Влада ответила не сразу.
— Коля оказался плохим другом, — медленно заговорила она, — и, можно с уверенностью сказать, плохим братом. Он обманывал меня и Стаса, я сейчас начинаю постепенно разбираться в нашей печальной истории. Но нельзя винить одного Колю. Помнишь, как Стас сказал о храме? «Цепочка людей, желаний, благих намерений…». А у нас все вышло наоборот — намерения низкие, поступки недостойные, мы с Колей примкнули к банде, стали ее членами вольно или невольно.
Правильно Стас против нас озлобился: цена предательству — сломанные судьбы и загубленные жизни. А началось все с одного проступка, совершенного мной по легкомыслию — и потянулась роковая цепочка, в конце которой гибель его родных. Мне страшно спросить Стаса, как все произошло. Прекрасно сознаю свое малодушие, только какой бы дрянью я ни была, у меня не хватит наглости принять его предложение, воспользоваться любовью, с которой он не может справиться.

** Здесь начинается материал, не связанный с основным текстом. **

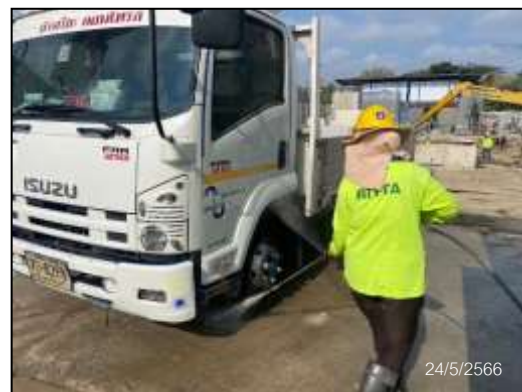
ภาพที่ 11 กิจกรรมทำความสะอาดล้อรถก่อนเข้าโครงการ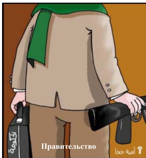
Новое правительство, в одной руке которого портфель, а в другой – оружие. Карикатура Омаи Джоха, известной своими прохамасовскими взглядами (источник: "Аль-Хайят Аль-Джадида", 1 февраля 2006 года)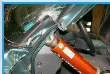
5. Druk de ram uit elkaar en het dashboard zal een 'roll' maken over de voorwielen.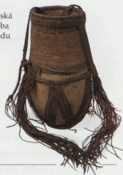
Egyptská nádobí na vodu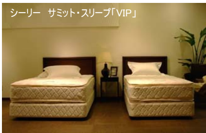
シーリー サミット・スリープ「VIP」

この新商品の発売を記念し、6月16日(月)よりシーリージャパンのホームページでは、ザ・ウィンザーホテル洞爺リゾート&スパのペア宿泊券1組2名様へのプレゼントを実施いたします。世界各国の首脳が滞在するラグジュアリーホテルでの至福の寝心地をご体感いただけます。またWチャンス賞として、宿泊券にはずれた方の中から抽選で100名様に、紙マッチ状の植物栽培キット『グリーンスティック』をプレゼント。環境意識の改革に繋がる小さな種を日本各地に届けます。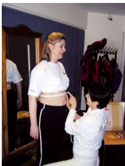
Das Messen des Umfangs von Bauch, Hüfte, Beine und po vor der HYPOXI -Therapie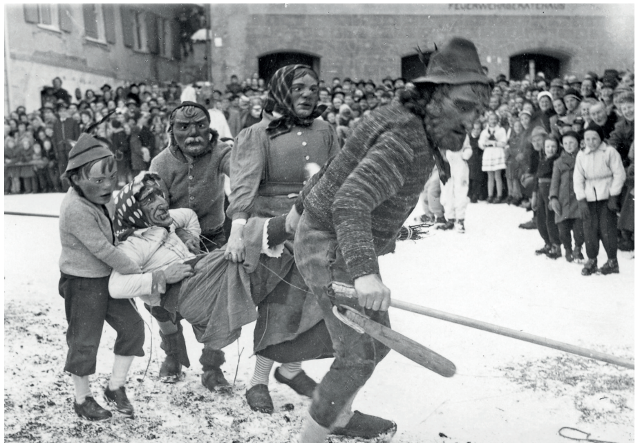
Eggaspiel 1955

in Sonthofen ist von 1952 bis 1963 belegt) verbinden die beiden Künstler.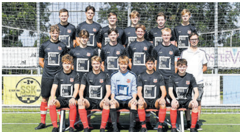
Het team van RKDES JO23-1.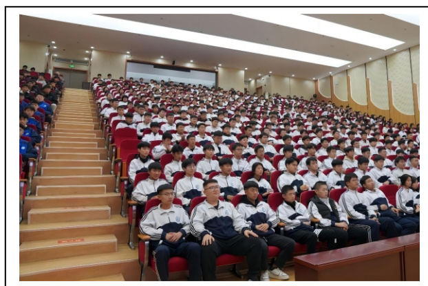
图 7-6 合力共抗艾滋 2

В конце коридора показался Станислав и объявил, что Николай проснулся и находится в здравом уме и твердой памяти. Он предложил спутницам вернуться домой, а утром приехать к Коле на свидание.
Родные уехали, а Николай остался в палате, куда поочередно наведывались врач и медсестра. Они иногда задавали вопросы, на которые он не трудился отвечать, так как не понимал их языка, но когда они переходили на хорошо знакомый ему английский, он и тогда не отвечал: говорить было утомительно, а главное бессмысленно, как и все лечебные процедуры. Он бы предпочел, чтобы его оставили в покое. Ему мешали сосредоточиться, из-за них он мог упустить то важное, что открылось ему у храма, надо было внутренне собраться, многое осмыслить, а это требовало полного одиночества.